I’ve been writing a media management service for years. Think of it like the *arr services, only less cohesive and more brittle. It’s exactly how I want to manage my media, not how anyone else should manage theirs. When I’m feeling inspired to create, or just bored, this is the project I work on.

At the heart of every good catalogue is the ability to sort and store arbitrary inputs. What that usually devolves into, is a parser of some sort. I tweaked this mother fucker constantly. It’s not very good, or computer sciencey, but it worked most of the time.

I got tired of manually sorting thousands of files into the right directories and managing this brittle parsing process, especially when it broke.

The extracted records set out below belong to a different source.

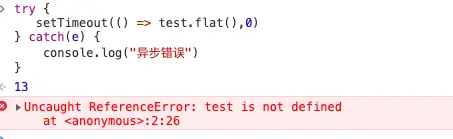 首先我们要明白一点,前端如何捕获错误,在代码中我们可以经常使用 try...catch 来捕获错误,但是 try...catch 无法捕获语法错误和异步错误,如下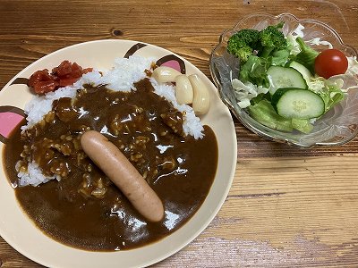 たまに食べたくなるカレーライス。好きなので週1でもいいぐらい。ブロッコリーをトッピングしました。らきょう、福神漬けサラダ(キャベツ、レタス、人参、胡瓜、ミニトマト) ポチッとお願いします。 トランプ大統領、「これで株が大幅上昇」とか言っていましたが、NY株急落で史上3番目の下げ幅だとか。大河ドラマで田沼意次が言っていた「思う通りにならない」のとおりですね。変な関税やめろ!!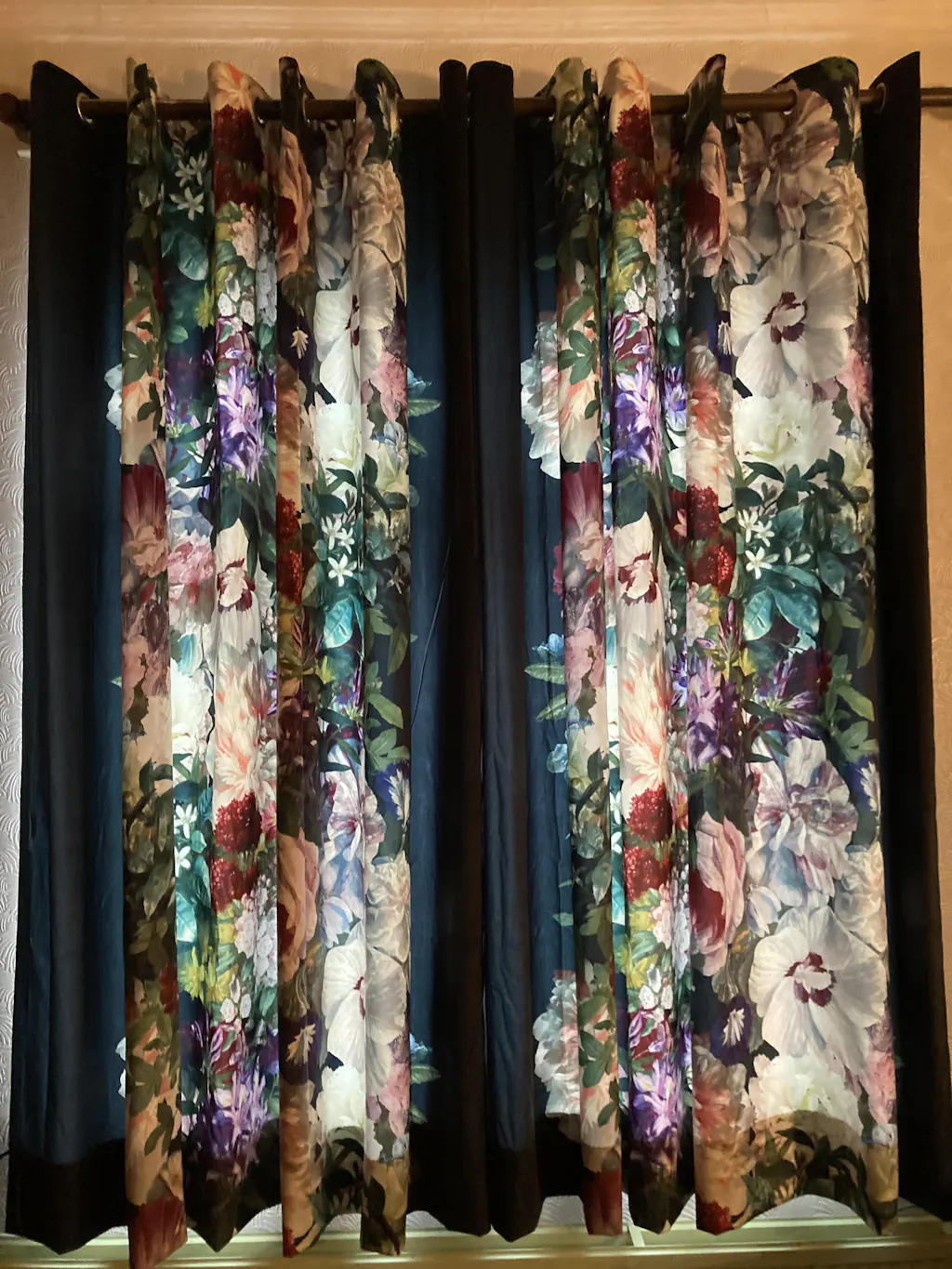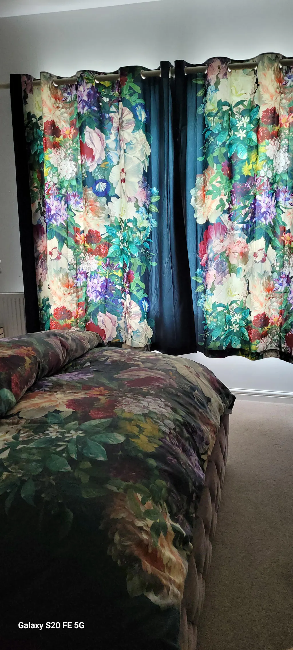 Our much loved Fiori design is now available in pairs of curtains. 100% poly velvet with microfibre lining and eyelet heading.

So I taught a local AI to do it for me.

The problem

Media filenames are chaos. The.Sopranos.S01E01.Pilot.avi sits next to Attack on Titan - 01 [1080p].mkv and The Matrix (1999) 1080p BluRay.mp4. Different formats, different naming conventions, same problem: figuring out what each file is and where it belongs. Even worse when there’s arbitrary fields that the filename can contain, like The Handmaid'\''s Tale (2017) - S02E01 - June (1080p BluRay x265 Silence).mkv.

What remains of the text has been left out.